Examples
Code examples demonstrating XArith library usage in device kernels.
Quick Start
The examples below omit buffer allocation error checking for brevity. See Buffer Allocation for production-safe patterns.
L2 Distance
#include <xarith/xarith.hpp>
void computeExampleL2Distance(const float* vec1, const float* vec2,
float* result, uint64_t dimension)
{
mu::vdma::VpeContext ctx(dimension);
uint64_t buf1 = ctx.allocateBuffer();
uint64_t buf2 = ctx.allocateBuffer();
uint64_t diffBuf = ctx.allocateBuffer();
ctx.load(vec1, buf1);
ctx.load(vec2, buf2);
ctx.sub(buf2, buf1, diffBuf);
*result = ctx.dot(diffBuf, diffBuf); // L2^2 = (vec2 - vec1) · (vec2 - vec1)
}
MU_KERNEL_ADD(computeExampleL2Distance);
Inner Product
void computeExampleInnerProduct(const float* vec1, const float* vec2,
float* result, uint64_t dimension)
{
mu::vdma::VpeContext ctx(dimension, mu::vdma::VpeIdStrategy::ByClusterId);
uint64_t buf1 = ctx.allocateBuffer();
uint64_t buf2 = ctx.allocateBuffer();
ctx.load(vec1, buf1);
ctx.load(vec2, buf2);
*result = ctx.dot(buf1, buf2);
}
MU_KERNEL_ADD(computeExampleInnerProduct);
Vector Addition
void computeExampleVectorAdd(const float* vec1, const float* vec2,
float* result, uint64_t dimension)
{
mu::vdma::VpeContext ctx(dimension);
uint64_t buf1 = ctx.allocateBuffer();
uint64_t buf2 = ctx.allocateBuffer();
uint64_t bufResult = ctx.allocateBuffer();
ctx.load(vec1, buf1);
ctx.load(vec2, buf2);
ctx.add(buf1, buf2, bufResult); // bufResult = buf1 + buf2
ctx.store(bufResult, result); // Write back to DRAM
}
MU_KERNEL_ADD(computeExampleVectorAdd);
CMake Integration
cmake_minimum_required(VERSION 3.11)
# Set MU toolchain paths from environment variables (set by SDK installer)

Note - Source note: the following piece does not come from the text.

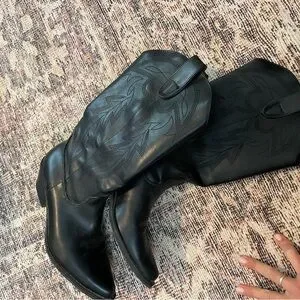 These chic black ankle booties from Free People feature a smooth leather finish and a classic silhouette. The pointed toe and sleek design make them a versatile addition to any wardrobe, perfect for both casual and formal occasions.

set(MU_LIB_PATH "$ENV{MU_LIB_PATH}")
set(MU_LLVM_PATH "$ENV{MU_LLVM_PATH}")
set(CMAKE_C_COMPILER ${MU_LLVM_PATH}/bin/clang)
set(CMAKE_CXX_COMPILER ${MU_LLVM_PATH}/bin/clang)
project(my_device_kernel LANGUAGES CXX)
# Find xarith package (installed at /opt/xarith/)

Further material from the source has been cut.